Update 11/6: This story has been updated to include comments from Stone Barn communications director Meg Farrington, received via email after this post was first published Tuesday morning.
At an Oct. 28 hearing in the Cedar Haven bankruptcy, a Delaware bankruptcy court authorized the former county home’s owners to sell the facility free of liens and other obligations. The first court-ordered patient care watchdog report has also been filed by the Pennsylvania Department of Aging.
The skilled care facility is now owned by Cedar Haven Acquisition, LLC. (“CHALLC”), a private company. The County of Lebanon sold the facility to CHALLC in 2014, and has not been involved in its operation since.
Search for buyer unsuccessful so far
In a motion filed in bankruptcy court on Oct. 8, CHALLC asked for permission to sell Cedar Haven’s assets “free and clear of all liens, claims, encumbrances, and other interests.” The court approved the motion at the Oct. 28 hearing.
The purpose of a free and clear sale is to make bankruptcy assets more attractive to potential buyers, in turn making it easier to raise cash to pay creditors who hold liens, known as “secured creditors.”
Buyers get the assets lien-free, so they don’t have to worry that Cedar Haven’s creditors will come after them. The liens get transferred to the proceeds of the free and clear sale, and the secured creditors and CHALLC work things out, subject to approval by the bankruptcy court.
Common types of “liens and encumbrances” are mortgages, judgments against real estate, and collateral interests in a debtor’s property, which are also known as “security interests.”
Free and clear sales in bankruptcies usually have no effect on “unsecured creditors” who do not hold liens or collateral. Unsecured creditors are commonly providers of goods and services regularly used in everyday operations.
However, CHALLC has told the court that, out of any sale, over $1,500,000 owed to about 50 unsecured creditors is expected to be paid, either by CHALLC or the buyer, to satisfy outstanding contracts. The largest such creditor is Healthcare Services Group,Inc., which CHALLC says would be paid $514,684.
Patient Care Report
The watchdog, officially known as a “patient care ombudsman,” is Margaret Barajas of the Pennsylvania Department of Aging’s Long-Term Care Ombudsman Office. Her first 60 day report, dated Oct. 20, is based on nine weekly visits to the facility, each lasting two to three hours, between Aug. 27 and Oct. 20.
Prominent in the report is the ombudsman’s conclusion that the facility is understaffed, even though only 286 of 324 beds were occupied on Oct. 20. The report does not compare current staffing levels to those existing just before the county sold the home in 2014.
Facility administrator Steven Zablocki told the ombudsman that the greatest challenge he faces is recruitment of qualified care staff. The ombudsman reported that her “understanding is that new care aides have completed training since the September facility visit.”
The report also notes that “[t]he PA Department of Health completed a facility survey on August 2, 2019. Based on clinical record review, it was determined that the facility failed to provide adequate supervision for one of six sampled residents who had falls. A corrective action plan was accepted and approved by the Department of Health on August 14, 2019. No regulatory issues are recorded for the current reporting period.”
In addition to an overall assessment of staffing and operations, the ombudsman’s report contains summaries of 14 “Resident Initiated Complaints/Concerns,” almost all related to food quality. None are described as chronic or uncorrected.
The ombudsman ends the “Resident Initiated Complaints/Concerns” section by stating that “[m]ost of the residents report that they are satisfied with their care.
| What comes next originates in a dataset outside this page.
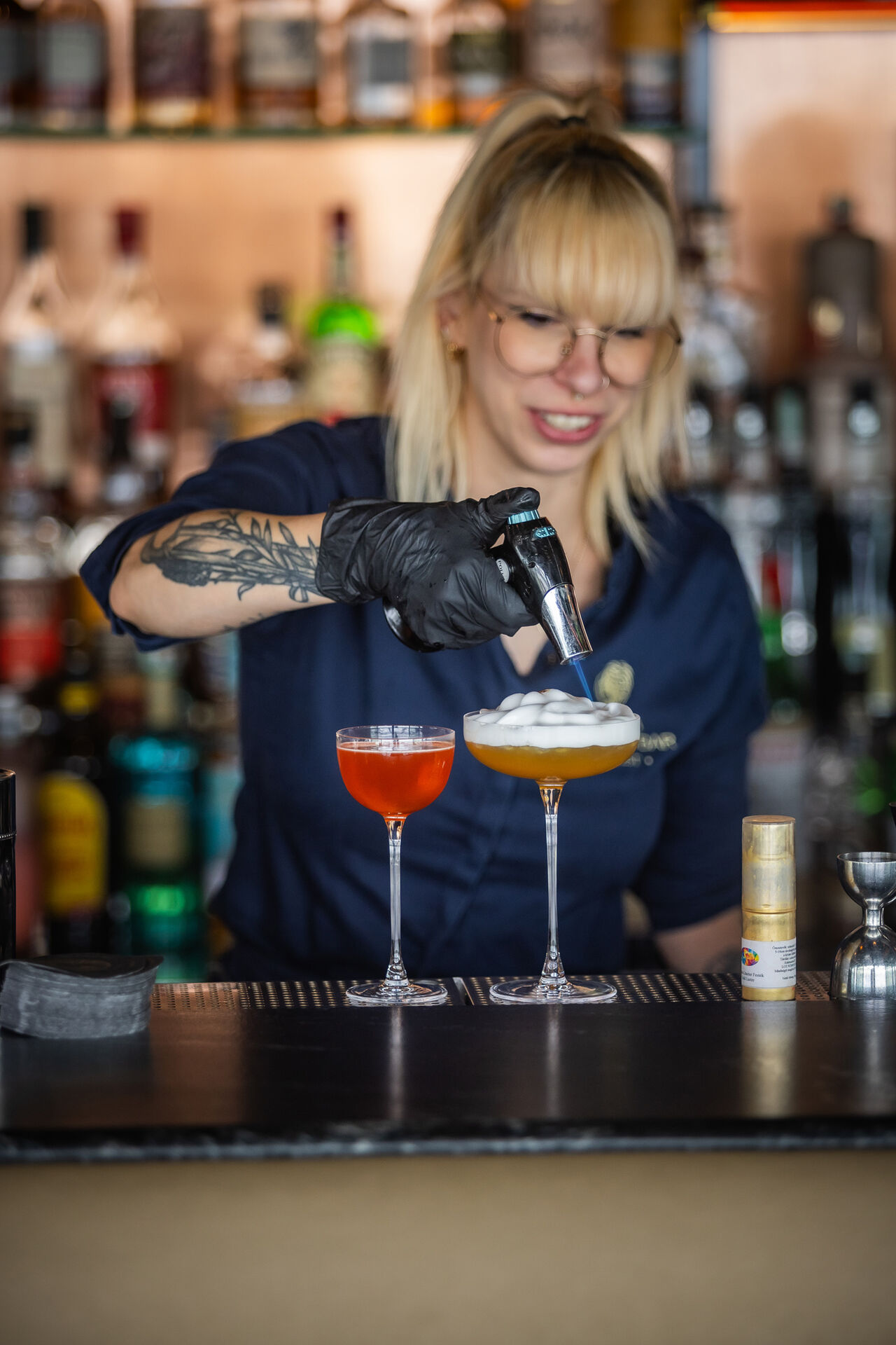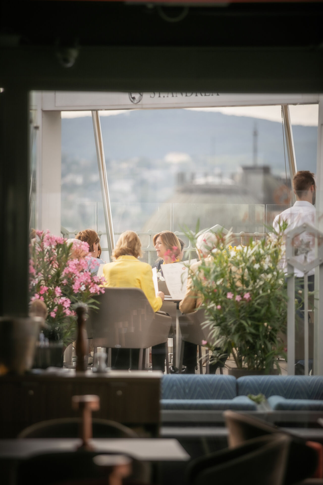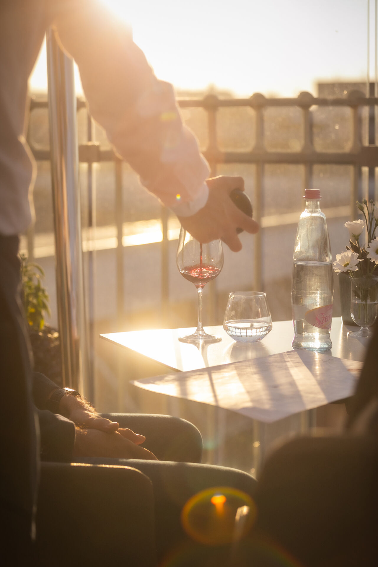 The casual but elegant rooftop bar can be accessed by elevator, you can enjoy a selection of fine wines, cool cocktails and light bar food on the terrace or in the indoor bar area. Memorable evenings are guaranteed by live music, a DJ with vinyl, a fun, lively service and exciting recommendations from a qualified sommelier.

Of those with care concerns, the complaints pertain to the menu, activities, and call bell response time.”
Several requests for comment on both the effort to find a buyer and the patient care report, sent to CHALLC’s bankruptcy attorneys and to Cedar Haven Administrator Steven Zablocki, had not been returned by publication time.
Meg Farrington, Director of Marketing and Communications at Stone Barn, told LebTown in an email following our initial publication of this story that Cedar Haven is not at risk of closing.
Farrington emphasized in her email to LebTown that residents and staff do not need to be worried about losing their homes or their jobs, and said that the community should remain calm while the restructuring continues.
“Unfortunately, some public officials have taken the tactic of trying to make Cedar Haven look like we are failing in order to prove a political point.”
According to Farrington, the process is going as expected and “the reality is quite positive,” with a handful of recent accolades and partnerships offered as proof.
“We are proud of our staff and their ongoing commitment to providing high-quality care for our residents.”